From the first line of the data below through the line bearing "Reprise du logotype", reproduce each line exactly; do not include pictures.

▶ **Data section**
====================
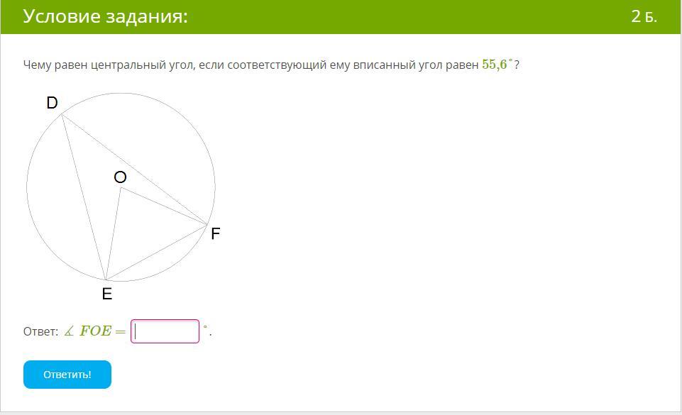 2) если центральный и вписаный углы опираются на одну и ту же дугу, то вписаный угол равен половине центрального и наоборот, центральный угол в два раза больше вписаного угла, получаем 55.6*2=111.2°
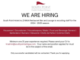 | NEW SEASON VACANCIES Wednesday 23rd August 2023 South Point Hotel is recruiting staff for the 2023/24 season. Apply by September 20th Read More
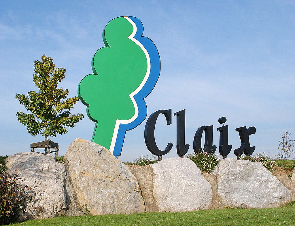 Reprise du logotype de la ville de Claix afin de créer un mobilier signalétique d'accueil en volume implanté sur un carrefour giratoire de l'une des entrées principales de la ville.
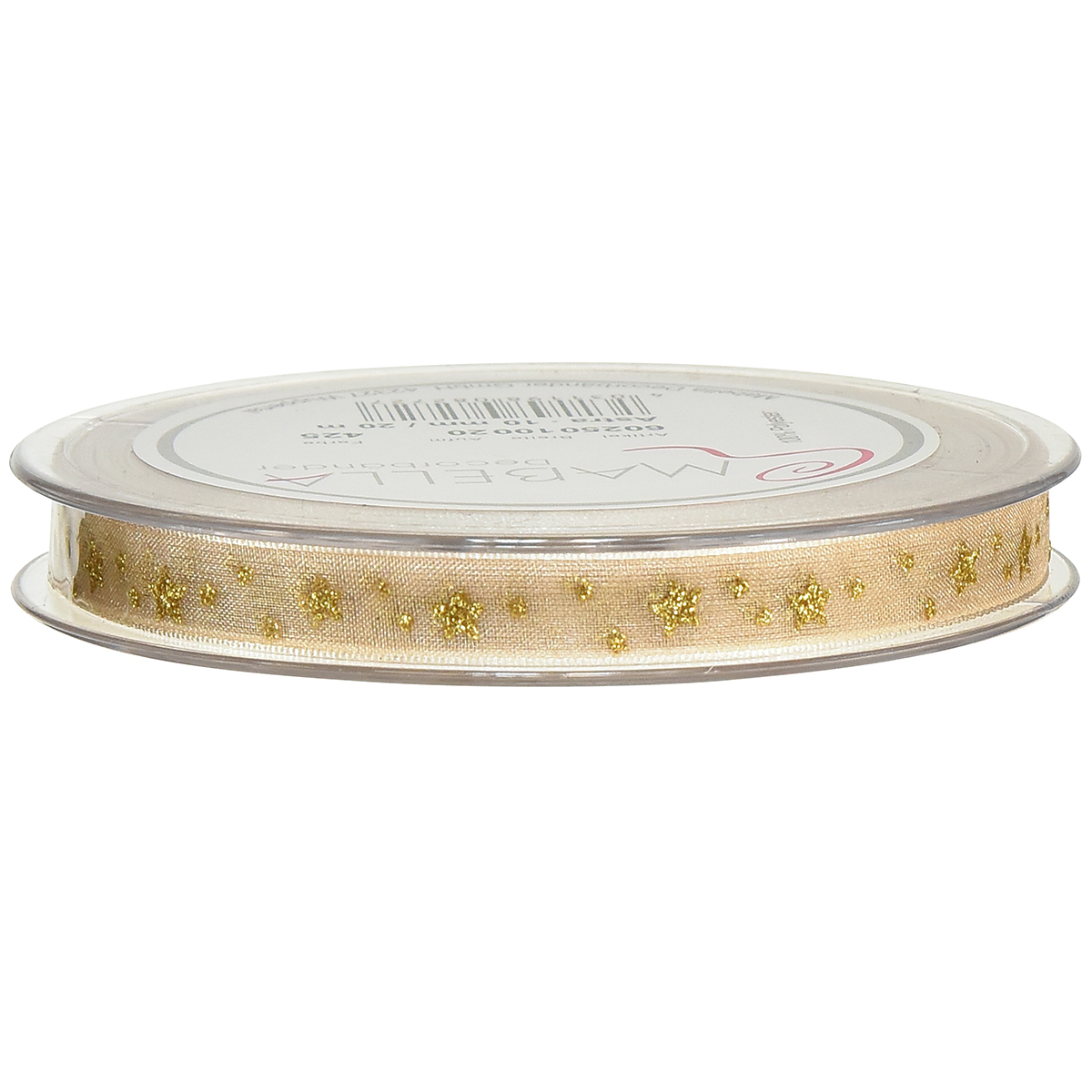 Ruban Organza Ruban Noël étoiles beige doré L10mm L20m
====================
▶ **Completed exercise**
 2) если центральный и вписаный углы опираются на одну и ту же дугу, то вписаный угол равен половине центрального и наоборот, центральный угол в два раза больше вписаного угла, получаем 55.6*2=111.2°
 | NEW SEASON VACANCIES Wednesday 23rd August 2023 South Point Hotel is recruiting staff for the 2023/24 season. Apply by September 20th Read More
 Reprise du logotype de la ville de Claix afin de créer un mobilier signalétique d'accueil en volume implanté sur un carrefour giratoire de l'une des entrées principales de la ville.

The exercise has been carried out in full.